China's 15th Five-Year Plan Embeds AI as Foundational National Priority
The 2026-2030 plan passed in March targets a fully intelligent economy by 2035, with the smart economy market projected to reach 12.6 trillion yuan ($1.83 trillion) by 2030.
China's 15th Five-Year Plan (2026-2030), passed by the National People's Congress in March, positions artificial intelligence as a foundational priority across the national economy — the most explicit integration of AI into central economic planning that any major government has undertaken.
The plan's vision extends to 2035, when China aims to achieve what it describes as a fully intelligent economy and society. The nearer-term target is equally ambitious: the domestic smart economy market is projected to reach 12.6 trillion yuan (approximately $1.83 trillion) by 2030, encompassing AI-driven manufacturing, autonomous transportation, smart cities, and AI-enabled public services.
Unlike previous five-year plans that treated AI as one technology among many, the 15th plan embeds intelligence as a horizontal capability expected to transform every sector. Specific provisions direct investment into domestic AI chip development, large language model research, industrial robotics, and AI applications in healthcare and agriculture. The plan also calls for expanding China's AI talent pipeline through university programs and international recruitment.

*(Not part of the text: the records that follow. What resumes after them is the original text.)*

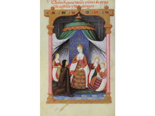 2010. LIBRO. (FACSÍMIL). BREVIARIO DE ISABEL LA CATÓLICA. Barcelona: Ed. Moleiro, 2010. 4º. Aprox. 300 hojas imitación pergamino con la reproducción facsimilar del original que se encuentra custodiado en la British Library de Londres. Abundantes ilustraciones y capitales iluminadas con dorados. Enc. en plena piel con decoración geométrica gofrada, nervios. Guardas con aplicaciones en piel, también decoradas. Se presenta en un estuche en plena piel con decoración geométrica gofrada, con alguna leve rozadura. Con el acta notarial, edición de 987 ejemplares numerados. Con el libro de estudio.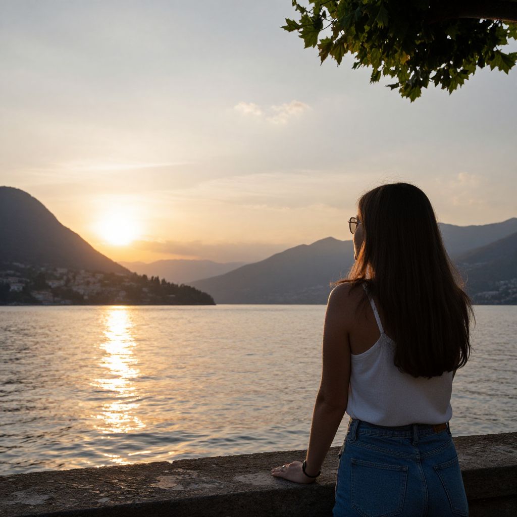 A woman watches the sunset on Lake Como, Italy
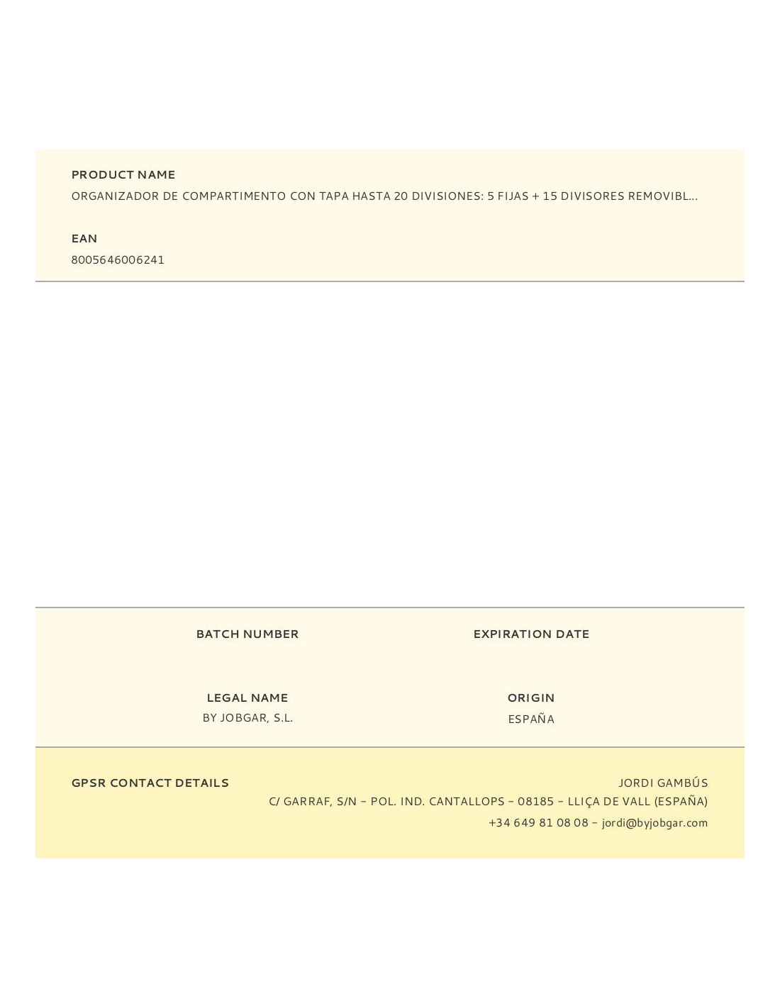 Organizador de compartimento con tapa hasta 20 divisiones: 5 fijas + 15 divisores removibles 51 x 33 x 6 cm

The policy direction carries significant geopolitical weight. U.S. export controls on advanced semiconductors have constrained China's access to cutting-edge AI training hardware, making domestic chip development and algorithmic efficiency central priorities. The five-year plan responds by accelerating investment in alternative chip architectures and optimization techniques that reduce dependence on restricted foreign technology.
For companies operating in China's AI market — both domestic firms and multinationals — the plan signals that government procurement, regulatory frameworks, and industrial standards will increasingly be shaped around AI integration. The scale of the projected market suggests that China intends AI to be not merely a technology sector but a defining characteristic of its economic structure by the end of the decade.